A fitness landscape is a multidimensional surface where each point represents a genotype and its height represents fitness. Populations evolve by climbing peaks (local optima) or navigating valleys due to mutation and selection. Real landscapes are complex with multiple peaks, epistasis, and changing surfaces.
From natural selection you know that individuals with higher fitness — greater survival and reproductive success — leave more offspring, and from adaptation and fitness you understand that populations tend to become better matched to their environments over time. The fitness landscape is a powerful visual metaphor that makes this process spatial and intuitive. Imagine a topographic map where every possible genotype occupies a specific location on the map, and the elevation at that point represents the fitness of that genotype. Natural selection pushes populations uphill — toward genotypes with higher fitness — just as a ball rolling on a hilly surface tends to settle into valleys (though in fitness landscapes, we invert the metaphor: populations climb *toward* peaks rather than rolling into valleys).
The simplest fitness landscape has a single smooth peak — one optimal genotype that selection drives the population toward. But Sewall Wright, who originated the concept, emphasized that real landscapes are rugged: they have multiple peaks of different heights separated by valleys of low fitness. This ruggedness arises from epistasis — the fitness effect of a mutation at one gene depends on the alleles present at other genes. When gene interactions are complex, nearby genotypes in sequence space can have very different fitnesses, creating a corrugated surface. A population climbing by natural selection alone will reach the nearest peak and get stuck there, even if a much higher peak exists elsewhere, because reaching it would require passing through a fitness valley — a sequence of deleterious intermediate steps that selection opposes.
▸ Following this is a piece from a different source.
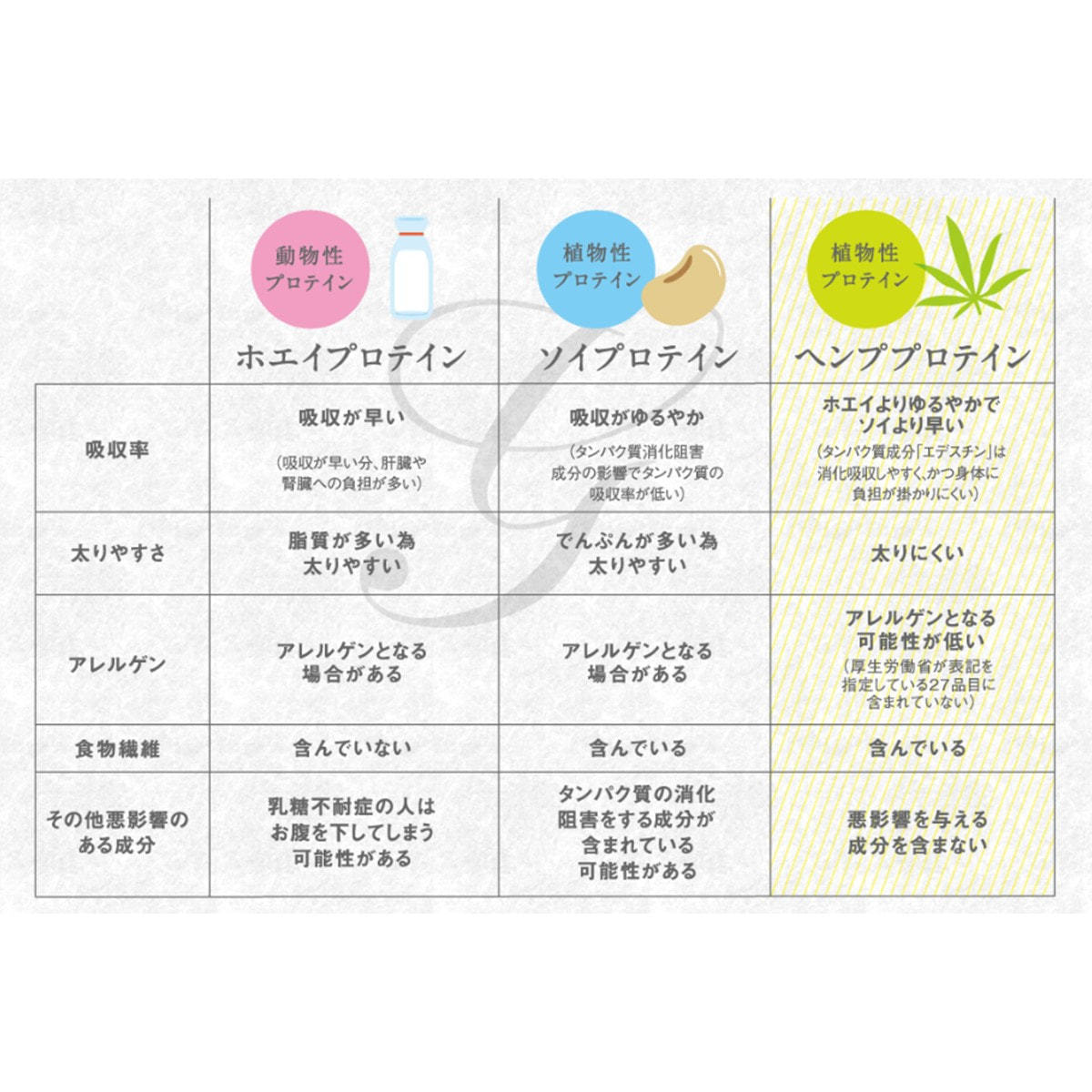 エデスチン(edestin)は麻の実だけに含まれる特有のプロテインで、ホエイプロテインと比べて身体への負担が少なく、消化しやすく吸収しやすい事から、アスリートからご高齢の方、もちろん小さなお子さんにもオススメのプロテインとして注目されています。

This is the local optimum problem, and it explains why evolution does not always produce the "best" possible solution. How do populations escape local peaks? Several mechanisms help. Genetic drift — random fluctuation in allele frequencies — can push small populations off a local peak and into the basin of attraction of a higher one, especially when the valley is shallow. Mutation continually introduces new variation that explores neighboring genotype space. Recombination can generate novel genotype combinations that jump across the landscape rather than traversing it step by step. And environmental change reshapes the landscape itself: a peak under one set of conditions becomes a valley under another, forcing the population to move whether it has reached an optimum or not.
The fitness landscape concept has important limitations to keep in mind. Real genotype spaces are astronomically high-dimensional — even a modest genome offers more possible genotypes than atoms in the universe — so the two-dimensional hill metaphor dramatically understates the complexity. In high dimensions, populations have far more mutational neighbors and more possible routes between peaks, which means local optima may be less "sticky" than the simple 2D picture suggests. Additionally, fitness landscapes are not fixed — they change as the environment shifts, as other species coevolve, and as the population's own allele frequencies alter the selective pressures (frequency-dependent selection). Despite these caveats, the landscape metaphor remains one of evolutionary biology's most useful conceptual tools for reasoning about how selection, drift, mutation, and epistasis interact to shape the trajectory of adaptation.